Group actions, deformations, polygroup extensions, and group presentations

TL;DR

This paper extends classical group extension theory to polygroups, introduces a method to derive group presentations from actions, and explores a deformation technique to compute presentations of complex groups like Mathieu groups and Zassenhaus groups.

Contribution

It generalizes extension theory to polygroups, provides a new method for computing group presentations from actions, and develops a deformation approach to analyze and compute presentations of intricate groups.

Findings

Derived explicit presentations for $GL_2$ over valuation rings and fields

Computed presentations for $SL_3$ over arbitrary fields

Presented Zassenhaus groups $M(q^2)$ for odd prime powers q

Abstract

Generalizing classical extension theory, we solve a Schreier-type extension problem for polygroups by groups.
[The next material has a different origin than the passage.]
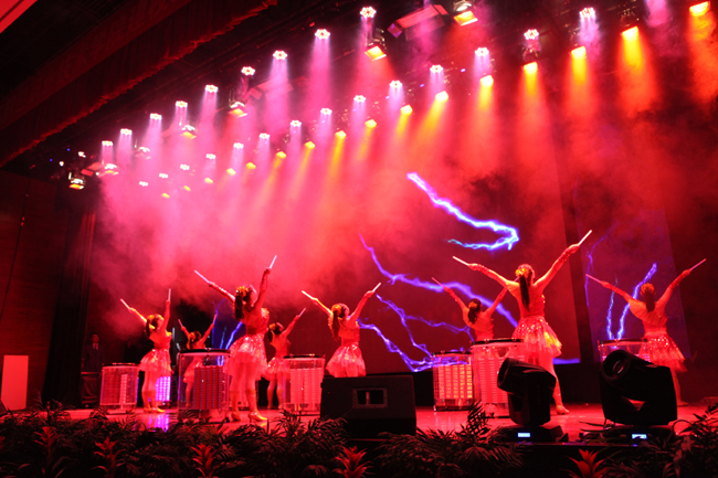 风雨耕耘五十载,景秀财院更妖娆。火红的背景下,喜庆的锣鼓激情敲响。8日上午,大学生艺术团的学生们带来的鼓舞《好日子》,欢快地拉开了校庆师生专场汇报演出的序幕。专业文化展示、社团文化展示……短短的50分钟演出里,场内掌声阵阵,精彩的演出让领导和校友们赞不绝口,纷纷竖起大拇指。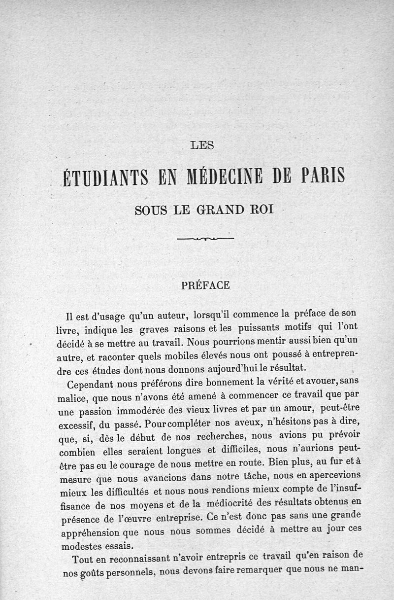 Les étudiants en médecine de Paris sous le grand roi ; essai sur leurs études, leur vie médicale et leur vie privée ainsi que sur la société bourgeoise dont ils faisaient partie

As a consequence, we obtain a method for computing a presentation for a group from its action on a set. The usefulness of this method is illustrated by deriving explicit presentations for the groups $GL_2$ over valuation rings and over valued fields, for the groups $SL_3$ over arbitrary fields, as well as for the five Mathieu groups. Moreover, we sketch some aspects of a new deformation technique for groups, their actions, and presentations, and apply it to compute presentations for the sharply $3$-transitive Zassenhaus groups $M(q^2)$ (in the notation of Huppert and Blackburn) for any odd prime power $q$. This computation serves to demonstrate how suitable deformation of groups and their actions interacts with, and thereby enhances, the presentation method.